Has there been a more obvious-only-in-hindsight film premise in recent memory than Kung Fu Panda? Once those three words were spoken in the DreamWorks executive suite sometime in the middle of the last decade, it was inevitable that they would be followed by “Get me Jack Black!” Po, the dumpling-obsessed, orphan panda turned dragon warrior, is the perfect conduit for Black’s hyperkinetic charisma. It would be hard to imagine the franchise banking a billion and a half bucks without Black providing Po’s animus.

But this installment of the panda’s adventures in the stylized feudal Chinese setting of the Valley of Peace has more going for it than just Black. It seems to be one of those rare bits of corporate synergy where the right players were assembled, beginning with director Jennifer Yuh Nelson, a 43-year old Korean American whose work on Kung Fu Panda 2 made her the highest-grossing female director of all time. For this installment, Nelson shares the big chair with longtime DreamWorks animator Alessandro Carloni, and their direction keeps Kung Fu Panda 3 nimble and assured.

The film opens in the spirit realm, where Grand Master Oogway (Randall Duk Kim), having achieved ultimate enlightenment, is chilling on a Roger Dean-inspired floating rock, when he is attacked by his old enemy Kai (J.K. Simmons). The immortal bull-being wants to collect Oogway’s qi, or spiritual energy, and use it not to conquer at Scrabble (where qi is valuable because it is a “q” word you can play without a “u” in your rack, and also because its alternate spellings “ki” and “chi” are legal words), but to bring the entire world under his hoof. Any movie that starts off with a bull and turtle battling through the astral plane with magical, zero-G kung fu has my attention.

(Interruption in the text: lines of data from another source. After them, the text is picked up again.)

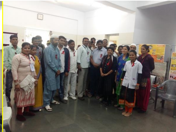
DOST center meeting 2016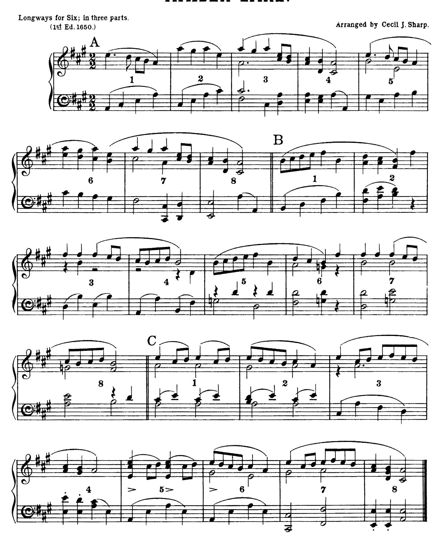
18790 Copyright, 1912, by Novello & Company, Limited.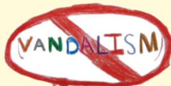
Below: This anti-vandalism sign was drawn by Ellie.

To help staff at Hazard Alley maintain the highest possible standards, teachers are asked to fill in evaluation forms after bringing children to the Centre. A selection of their comments will be featured in the next edition of Newsflash.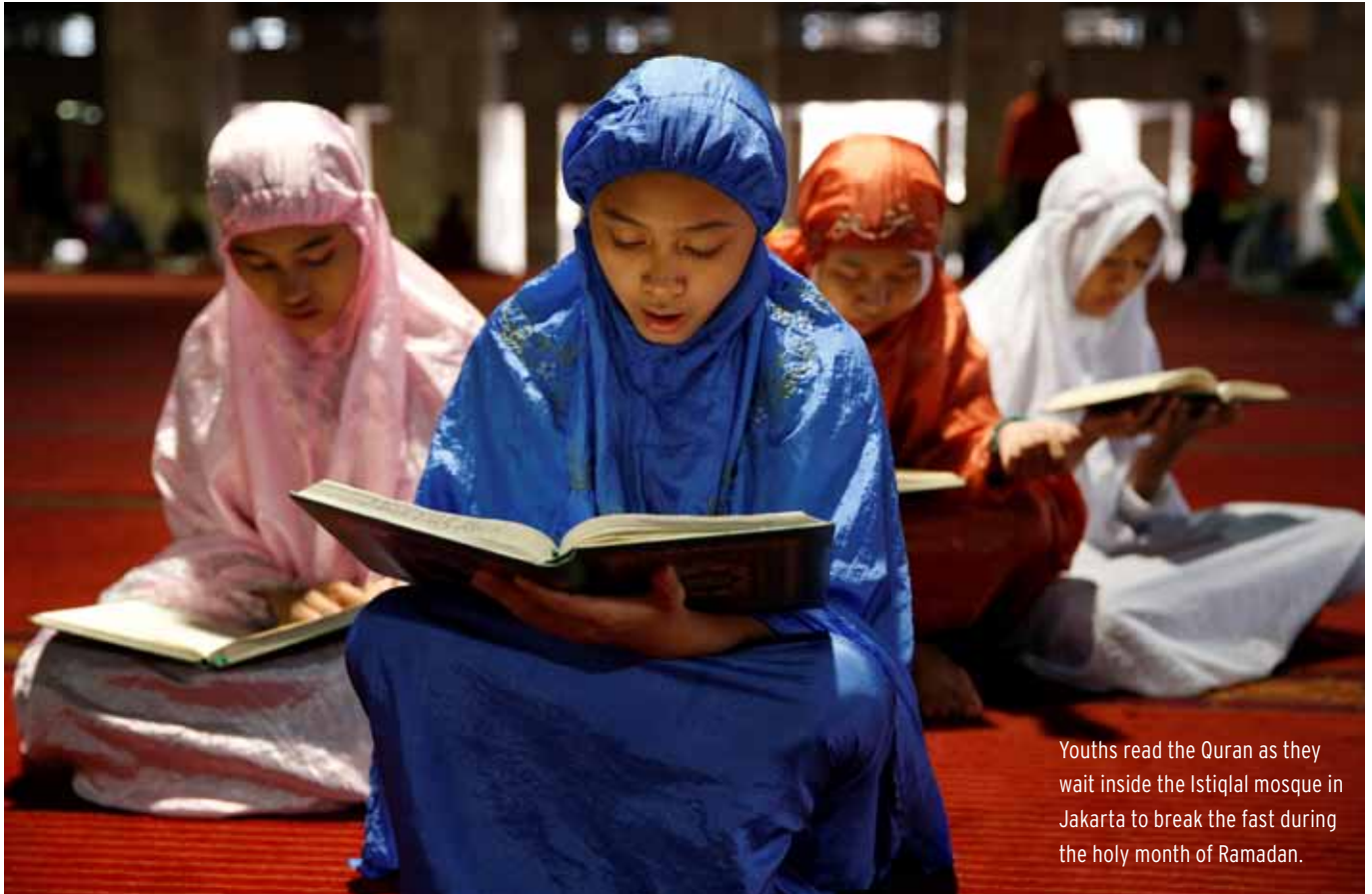
Youths read the Quran as they wait inside the Istiqlal mosque in Jakarta to break the fast during the holy month of Ramadan.

Meanwhile, back in the land of the mortal anthropomorphic animals, Po’s teacher Master Shifu (Dustin Hoffman) is retiring and appointing Po as his successor at the Jade Temple kung fu school, just in time for our hero to fight off an onslaught by Kai and his pop-up army of jade zombies. Po’s worldview is further shattered by the arrival of his long-lost father, Li Shan (Bryan Cranston), who offers to take him home to the secret, Shangri-la-like village of pandas to perfect his knowledge of qi (which will get you 33 points on a Triple Word Score). Po’s adopted father Mr. Ping (legendary character actor James Hong, who achieved immortality as Lo Pan in Big Trouble in Little China) is suspicious, and tags along for the journey, leaving Po’s sidekicks the Furious Five to fight a rear-guard action against the rampaging Kai.

Flowing freely between styles inspired by anime, Pixar, and Asian woodcuts, Kung Fu Panda 3 is easily the most visually lush film DreamWorks has ever produced. The combination of the over-the-top aesthetic of Chinese wuxia films with the Western animated tradition, where animals like Mickey Mouse and Bugs Bunny assume human traits, has produced a cool, original cross-cultural mashup. Like the work of Jackie Chan (whose Master Monkey is all but neglected in this film), the meticulously choreographed fight sequences are played for slapstick. The basic concepts and iconography, while they may sound confusing in a review, are easily grasped by kids raised on Dragon Ball Z. Po’s journey of self-acceptance lacks the psychological insight of Inside Out, but what it lacks in sophistication it makes up for in good-spiritedness. Kung Fu Panda 3 may be empty calories, but it tastes pretty good going down.